“Buy now, pay later,” as the name implies, allows you to make a purchase and receive it right away, but pay for it later, usually in a series of installments.
Though this form of payment plan has been around for a while, it gained a lot of traction during the pandemic as more people turned to online purchasing.
Most big shops now offer a buy now pay later option, but whether you should take advantage of it depends on the plan and your financial condition.
What does it mean to “purchase now, pay later”?
A buy now, pay later loan, sometimes known as a BNPL loan, is a sort of installment loan. It breaks down your purchase into several equal installments, the first of which is payable at checkout. Until your purchase is paid in full, the remaining payments are invoiced to your debit or credit card. These plans may include interest and late penalties, though depending on the supplier, some may not.
When you shop online, you’ll often find BNPL payment plans, and many of them are also available in stores.
How does the buy-now-pay-later scheme work?

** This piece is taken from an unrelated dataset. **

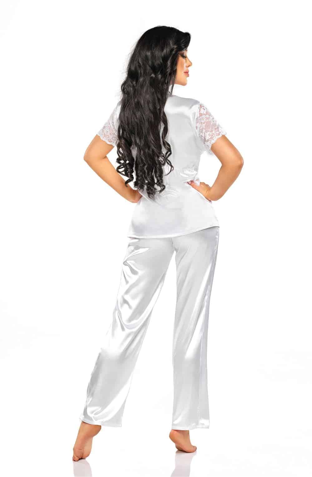 The Missy Set in white is a luxurious pyjama set that combines elegance and comfort, perfect for any woman. Here’s what makes this set special: Key Features The luxurious delicate, shiny fabric provides incredible comfort and a sophisticated look. Subtle lace details on the sleeves and waist add charm and sensuality. A deep V-neckline highlights the bust, enhancing femininity. The elastic waistband ensures a perfect fit and maximum comfort. Long, loose pants offer full freedom of movement and comfort throughout the night. The Missy Set in white makes an excellent gift, presented in elegant packaging with a product photo. Indulge in a touch of luxury with the Missy Set!

If you’re interested, you’ll fill out a brief application on the checkout page. Your name, address, date of birth, phone number, and Social Security number may be requested. You’ll also specify a method of payment. The BNPL provider may then do a soft credit check, which will not effect your credit score, and approve or decline your application in seconds.
Is it a good idea to buy now and pay later?
When considering whether or not to use a BNPL payment plan, there are various factors to consider. Use BNPL solely for required costs, such as a mattress for your apartment or a computer for school, according to NerdWallet. Even though the plan appears to be straightforward and low-cost, you’re still taking on debt, and going into debt for a non-essential item is rarely a wise decision.
You should also opt for a BNPL plan with no or low interest. This will make it easier for you to repay the loan by lowering your monthly payments.
For some buyers, using credit cards as a form of payment may be a better financial option. Most credit cards not only give incentives or cash back, but they also disclose on-time payments to credit agencies, which is something that not all BNPL companies do. On-time payment history will help you improve your credit score and open the door to more affordable financing alternatives in the future.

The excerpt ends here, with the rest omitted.